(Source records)
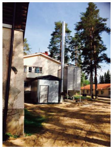
Partaharjulla otettiin käyttöön pellettilämmitysjärjestelmä, joka on myöhemmin maisemoitu ympäristöön.

Syksyllä varmistui myös Veej'jakaja ry:n myöntämä rahoitus tilauskodalle. Kodan rakentaminen aloitetaan keväällä 2017. Kota tulee palvelemaan luontopolkujen ja Partaharjun toimintakeskuksen asiakkaita sekä tarjoaa miellyttävän taukopaikan Pieksämäen kaupungin asukkaiden virkistyskäyttöön.
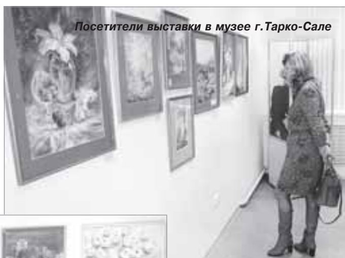
Посетители выставки в музее г.Тарко-Сале
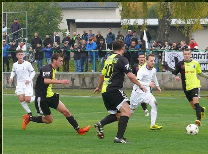
Interesantní duel dvou mužstev z popředí tabulky byl k vidění v Solnici, kde domácí lídr M GROUP CZ Krajského přeboru vyzval Rychnov n. Kn. Z výhry 2:1 se radovali domácí.
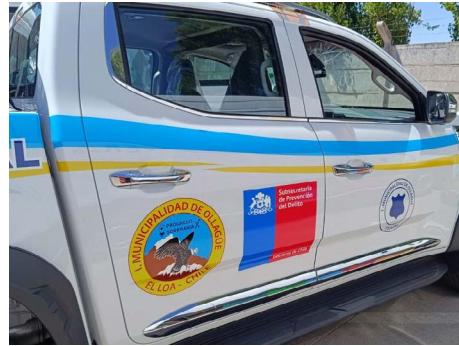
Adquisición camioneta patrullaje preventivo.
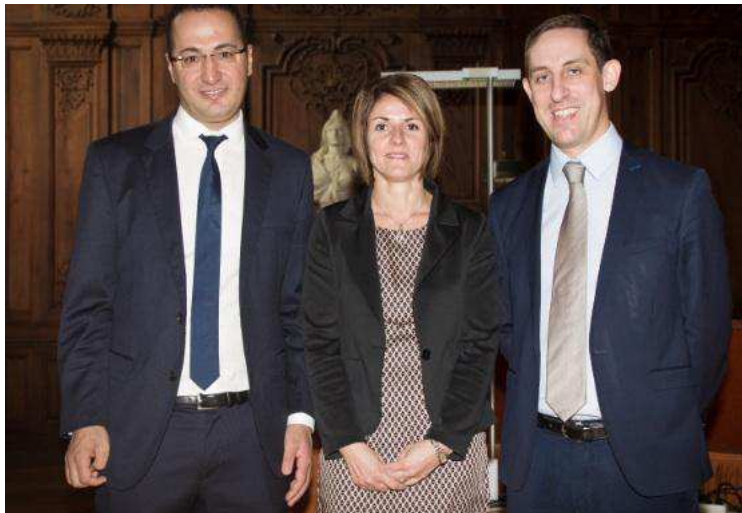
Les trois commissaires au compte qui ont prêté serment.

Sous la présidence de Bernard Bangratz, premier président de la cour d'appel de Besançon et en présence de Jean-Jacques Pichon, président de la compagnie régionale des commissaires aux comptes de Besançon, trois professionnels francs-comtois ont prêté serment le 29 octobre dernier.
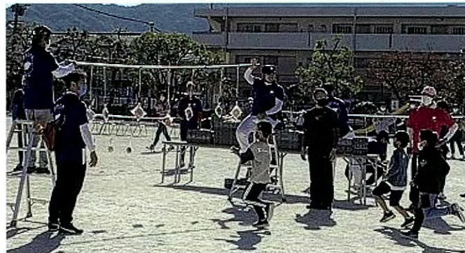
←パン取り競争の様子
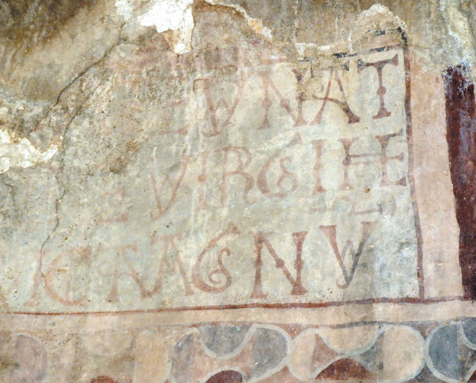
Fig. 4 : Inscription. Saint-Saveur de Casesnoves, abside, cul-de-four.

### Exercise directions:
From the records above, show each line that contains the word "serment".

### Your solution:
Les trois commissaires au compte qui ont prêté serment.
Sous la présidence de Bernard Bangratz, premier président de la cour d'appel de Besançon et en présence de Jean-Jacques Pichon, président de la compagnie régionale des commissaires aux comptes de Besançon, trois professionnels francs-comtois ont prêté serment le 29 octobre dernier.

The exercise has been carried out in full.